PyBerger commented 8 years ago

I would place the same bet, except on the very end of your sentence :) as in my application I use the ESP8266 as AP...

Is there any means to further decode the stack-trace and figure out how we end-up here ?

I have made several tests and can often reproduce this, in UDP, in TCP with lot of data being sent of with pretty nothing sent either...

Pretty frustrating as I need my application to run (and not reboot) for at least 7 to 8 hours... and so far, it isn't guaranteed at all.

pjsg commented 8 years ago

Ah -- interesting.

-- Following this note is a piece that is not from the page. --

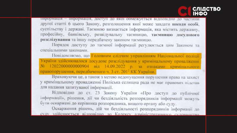 Также «Следство.Инфо» получило ответ от Полесского поселкового совета Киевской области. Совет сообщает, что информацию предоставить не может, потому что это тайна досудебного расследования. Указанная в ответе статья уголовного преступления нарушается при незаконном использовании гуманитарной помощи, чтобы получить прибыль. По данным журналистов, Полесский поссовет не получал помощь.
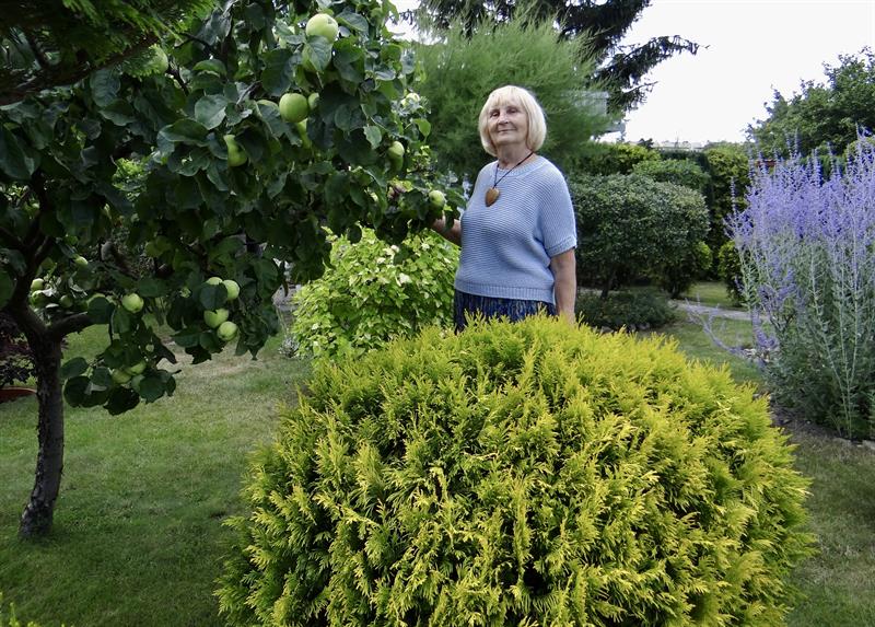 Pod rozłożystym świerkiem srebrnym i przy tamaryszku, gdzie urządzony jest kącik wypoczynkowy nieopodal altany, w cieniu osłaniającym przed palącymi promieniami słońca najlepiej latem podziwiać zielono-kwiatową enklawę pani Marii Matz. Choć nie tylko...

I did file a bug with espressif about this, but they rejected it as my example was nodemcu based. It looks as though your example is much simpler...

Maybe you can file a ticket with them? See http://espressif.com/bug-bounty/ -- it also appears that they might pay for getting one. Let me know what happens......

PyBerger commented 8 years ago

gave it a try, let's see what comes out.

pjsg commented 8 years ago

Did they accept your bug report?

PyBerger commented 8 years ago

Not at first, replied back asking for more saying it wasn't nodemcu but custom hardware..

Waiting their response since then.

PyB

PyBerger commented 8 years ago

Got a response :

Hi,

Please have a try with our latest ESP8266_NONOS_SDK_V1.5.1 http://bbs.espressif.com/viewtopic.php?f=46&p=5315 .

If your problem is still unsolved, please feel free to let us know.

Regards,
________________________________________
bugbounty@espressif.com

Haven't yet had time to do extensive testing with the 1.5.1 SDK...

Mewiss commented 8 years ago

Hi! I'm running an interrupt and I have the same exception... Did you solve it?

pjsg commented 8 years ago

You just need to upgrade to the latest SDK (1.5.1?) -- that solves it.

Links2004 commented 8 years ago

SDK 1.5.1 is used in 2.1.0-rc2 and git version.

igrr commented 8 years ago

Latest release 2.1.0 uses SDK 1.5.1, so i'm closing this one.

hemangjoshi37a commented 6 years ago

Where to get 2.1.0 SDK?? Can you please provide any link? It will be really helpful. Thax.

devyte commented 6 years ago

PR #3215 . Please google how to test PR locally.